On the other hand, in this embodiment, after hydrogen charging for 24 hours under the above conditions, hydrogen discharge is carried out by holding in a vacuum heat treatment furnace at 100 ° C. for 24 hours. This 4
After repeating the number of times, a low speed tensile test was conducted in the same manner as above. The result is shown in FIG.

The above total time of hydrogen charging is 96 hours, the ratio of the intergranular crack surface is higher than that of the case where only hydrogen charging is performed for 96 hours, and the total time required (hydrogen charging time + discharge time) is compared. Even 19
At 2 h, the ratio of intergranular cracked surfaces is about 1.5 times higher than the result of 8 ″ when only hydrogen charge is 192 h. From this, according to the method of the present embodiment, the hydrogen embrittlement susceptibility of the metal material can be detected efficiently and with high sensitivity.

[0020]

EFFECTS OF THE INVENTION According to the present invention, hydrogen embrittlement can be efficiently generated even for a material having low susceptibility to hydrogen embrittlement.
It is possible to evaluate with high sensitivity the susceptibility to hydrogen embrittlement of such metal materials.

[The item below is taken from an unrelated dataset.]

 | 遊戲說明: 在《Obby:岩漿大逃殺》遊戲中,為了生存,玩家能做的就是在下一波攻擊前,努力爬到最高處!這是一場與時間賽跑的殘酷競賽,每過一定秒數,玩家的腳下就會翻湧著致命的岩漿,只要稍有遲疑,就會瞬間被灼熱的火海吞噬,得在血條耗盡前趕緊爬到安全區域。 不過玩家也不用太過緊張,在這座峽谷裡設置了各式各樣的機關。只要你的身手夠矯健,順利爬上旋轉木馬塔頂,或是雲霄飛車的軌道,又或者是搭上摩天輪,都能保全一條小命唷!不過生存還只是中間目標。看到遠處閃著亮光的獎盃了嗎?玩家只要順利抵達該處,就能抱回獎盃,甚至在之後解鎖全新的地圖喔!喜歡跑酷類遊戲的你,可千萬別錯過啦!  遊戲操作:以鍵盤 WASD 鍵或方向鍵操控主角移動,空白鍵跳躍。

[Brief description of drawings]

FIG. 1 is an explanatory diagram showing the principle of a cathode hydrogen charging method using a constant current according to this embodiment.

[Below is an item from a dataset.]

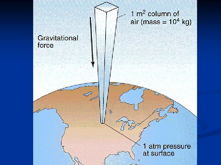 Atmospheric Pressure • Atmospheric gases have mass. • Atmospheric gases extend hundreds of kilometers above Earth's surface. • As Earth's gravity pulls the gases toward its surface, the weight of these gases presses down on the air below.

FIG. 2 is a graph showing a relationship between a hydrogen charging time and a ratio of an intergranular crack surface to a total fracture surface after a tensile test.

[Explanation of symbols]

1 ... Sulfuric acid solution, 2 ... Mantle heater, 3 ... Sample electrode (cathode), 4 ... Platinum electrode (anode), 5 ... Potentiostat, 6 ... Reference electrode, 7 ... Recorder, 8 ... Particles for hydrogen charging only Ratio of intergranular crack surfaces, 9 ... (Hydrogen charge and discharge) x ratio of intergranular crack surfaces when performed 4 times.

Claims (2)

[Claims] 1. A step of charging a metal test piece with hydrogen by an electrochemical method and a step of discharging hydrogen by heat-treating the hydrogen-charged metal test piece are repeated to obtain a fracture surface of the metal test piece. A hydrogen embrittlement susceptibility test method for metallic materials, characterized by observing the ratio of intergranular crack surfaces. 2. The hydrogen embrittlement susceptibility test method for a metal material according to claim 1, wherein the metal test piece is austenitic stainless steel.